Dataset section
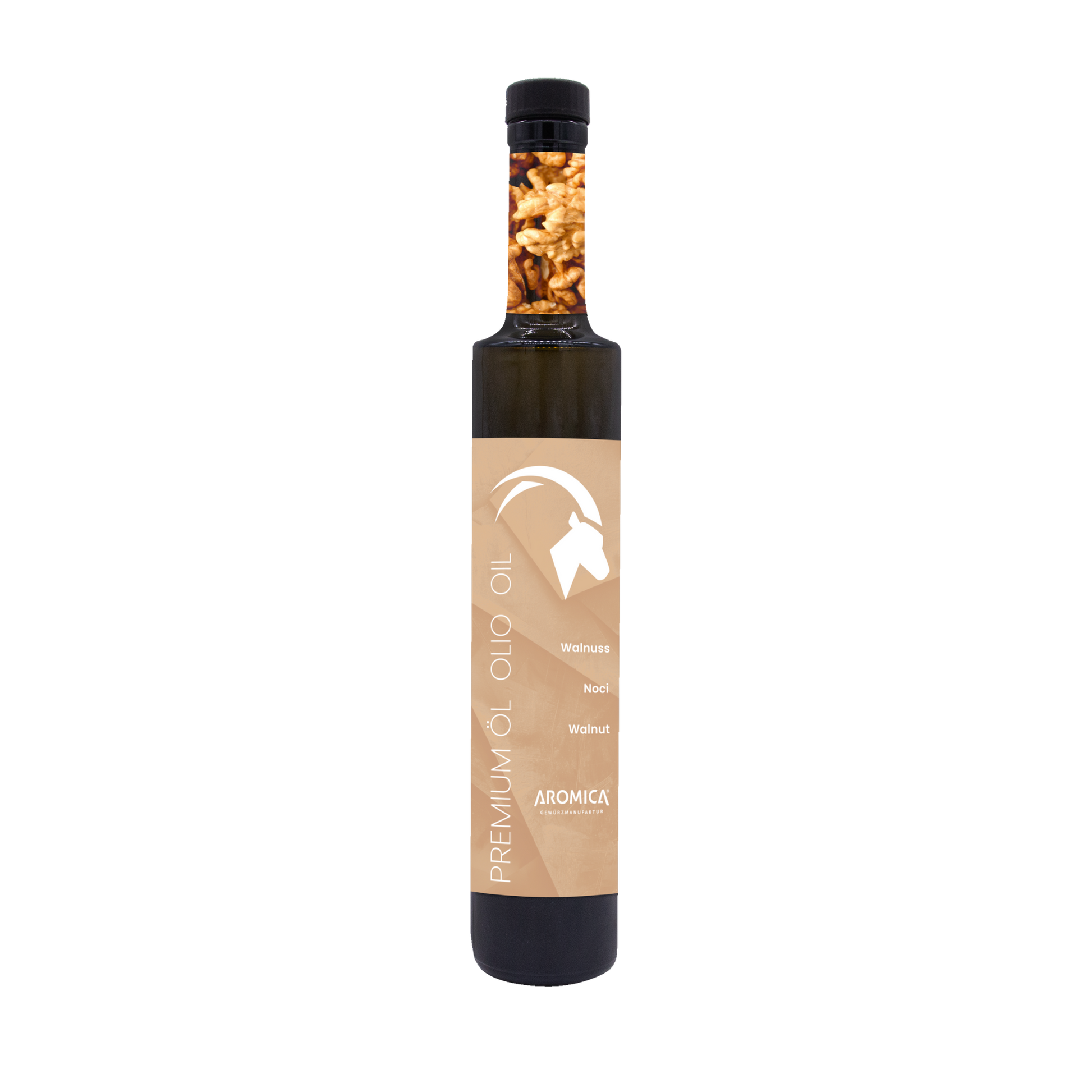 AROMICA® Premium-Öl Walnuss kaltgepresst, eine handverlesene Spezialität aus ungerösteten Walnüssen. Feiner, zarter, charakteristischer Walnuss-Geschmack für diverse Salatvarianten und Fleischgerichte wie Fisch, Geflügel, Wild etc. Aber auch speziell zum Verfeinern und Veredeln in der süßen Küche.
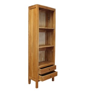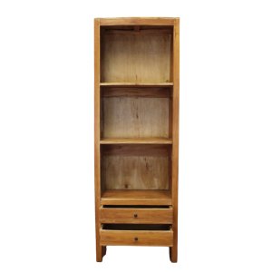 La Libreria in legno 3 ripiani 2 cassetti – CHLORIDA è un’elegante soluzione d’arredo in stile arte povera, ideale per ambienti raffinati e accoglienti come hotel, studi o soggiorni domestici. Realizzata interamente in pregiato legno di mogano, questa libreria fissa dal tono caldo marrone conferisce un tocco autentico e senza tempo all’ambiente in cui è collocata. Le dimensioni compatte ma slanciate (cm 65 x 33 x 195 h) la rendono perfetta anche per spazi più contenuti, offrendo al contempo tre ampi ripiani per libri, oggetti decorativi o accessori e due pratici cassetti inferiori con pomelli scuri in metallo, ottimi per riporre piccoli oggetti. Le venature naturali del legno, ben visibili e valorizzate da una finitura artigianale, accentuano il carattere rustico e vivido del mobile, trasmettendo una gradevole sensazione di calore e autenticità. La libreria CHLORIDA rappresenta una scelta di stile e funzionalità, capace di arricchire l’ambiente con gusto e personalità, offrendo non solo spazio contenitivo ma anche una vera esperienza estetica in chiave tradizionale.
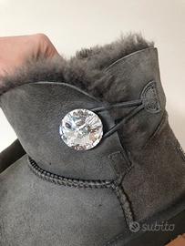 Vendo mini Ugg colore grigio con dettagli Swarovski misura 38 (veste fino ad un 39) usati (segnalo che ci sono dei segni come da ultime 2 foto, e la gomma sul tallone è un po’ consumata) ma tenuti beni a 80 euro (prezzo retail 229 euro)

Directions
Write out the material exactly, excluding pictures.

The completed task
 AROMICA® Premium-Öl Walnuss kaltgepresst, eine handverlesene Spezialität aus ungerösteten Walnüssen. Feiner, zarter, charakteristischer Walnuss-Geschmack für diverse Salatvarianten und Fleischgerichte wie Fisch, Geflügel, Wild etc. Aber auch speziell zum Verfeinern und Veredeln in der süßen Küche.
 La Libreria in legno 3 ripiani 2 cassetti – CHLORIDA è un’elegante soluzione d’arredo in stile arte povera, ideale per ambienti raffinati e accoglienti come hotel, studi o soggiorni domestici. Realizzata interamente in pregiato legno di mogano, questa libreria fissa dal tono caldo marrone conferisce un tocco autentico e senza tempo all’ambiente in cui è collocata. Le dimensioni compatte ma slanciate (cm 65 x 33 x 195 h) la rendono perfetta anche per spazi più contenuti, offrendo al contempo tre ampi ripiani per libri, oggetti decorativi o accessori e due pratici cassetti inferiori con pomelli scuri in metallo, ottimi per riporre piccoli oggetti. Le venature naturali del legno, ben visibili e valorizzate da una finitura artigianale, accentuano il carattere rustico e vivido del mobile, trasmettendo una gradevole sensazione di calore e autenticità. La libreria CHLORIDA rappresenta una scelta di stile e funzionalità, capace di arricchire l’ambiente con gusto e personalità, offrendo non solo spazio contenitivo ma anche una vera esperienza estetica in chiave tradizionale.
 Vendo mini Ugg colore grigio con dettagli Swarovski misura 38 (veste fino ad un 39) usati (segnalo che ci sono dei segni come da ultime 2 foto, e la gomma sul tallone è un po’ consumata) ma tenuti beni a 80 euro (prezzo retail 229 euro)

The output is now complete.